ABOUT THIS EXERCISE: What you produce should be the lines from the line containing "Обращаем внимание читателей, с" through the last line below, both ends included, reproduced exactly and without pictures.

STORED DATA:

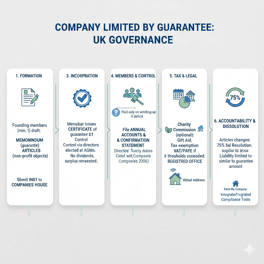 Upon submission via the IN01 form online—often facilitated by services like Form My Company—the Registrar issues a certificate of incorporation, assigning a unique company number. Members, akin to shareholders but without ownership rights, agree to contribute their guarantee sum (e.g., £1) only if winding-up occurs and assets fall short. No shares exist, so control vests in directors elected by members, typically via annual general meetings (AGMs). Day-to-day, the company files annual accounts and confirmation statements with Companies House, mirroring private limited companies but with adaptations for non-profits.
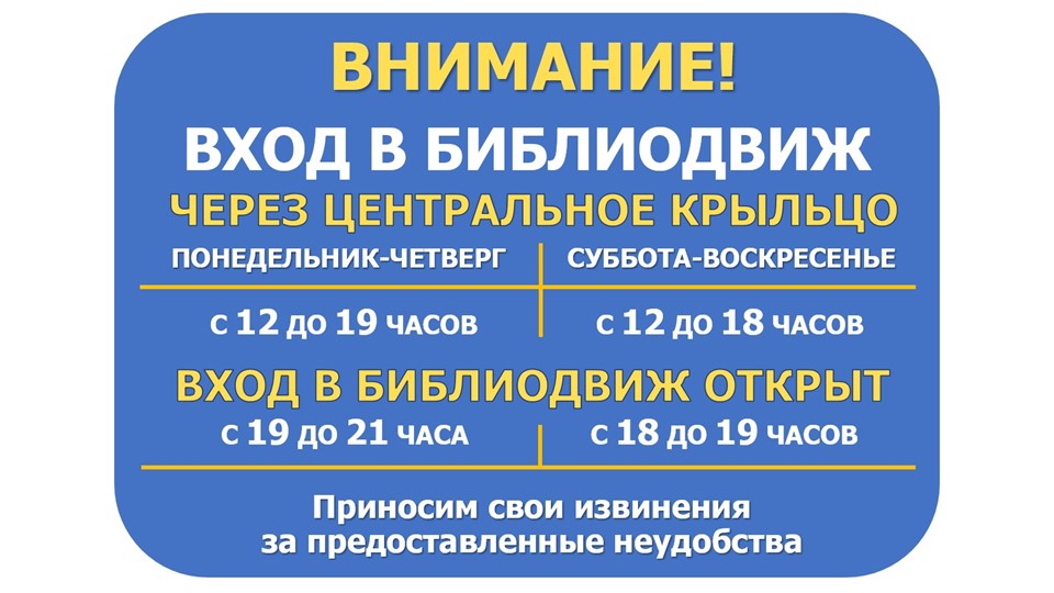 Обращаем внимание читателей, с 1 декабря вход в молодежный центр «БиблиоДвиж» осуществляется следующим образом:
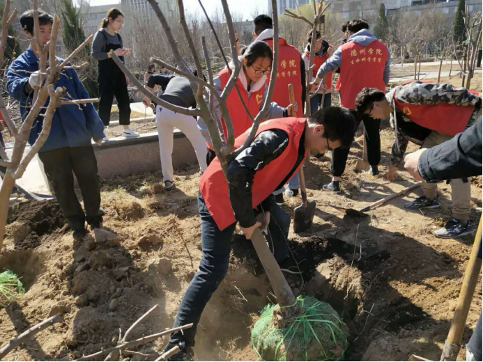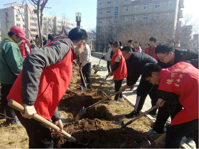 3月13日,欧美亚州国产日韩mv天天组织青年教职工和学生志愿者在学校求索园开展义务植树活动,四十余名师生参加了此次植树活动。

SOLUTION FOR THIS EXERCISE:
 Обращаем внимание читателей, с 1 декабря вход в молодежный центр «БиблиоДвиж» осуществляется следующим образом:
 3月13日,欧美亚州国产日韩mv天天组织青年教职工和学生志愿者在学校求索园开展义务植树活动,四十余名师生参加了此次植树活动。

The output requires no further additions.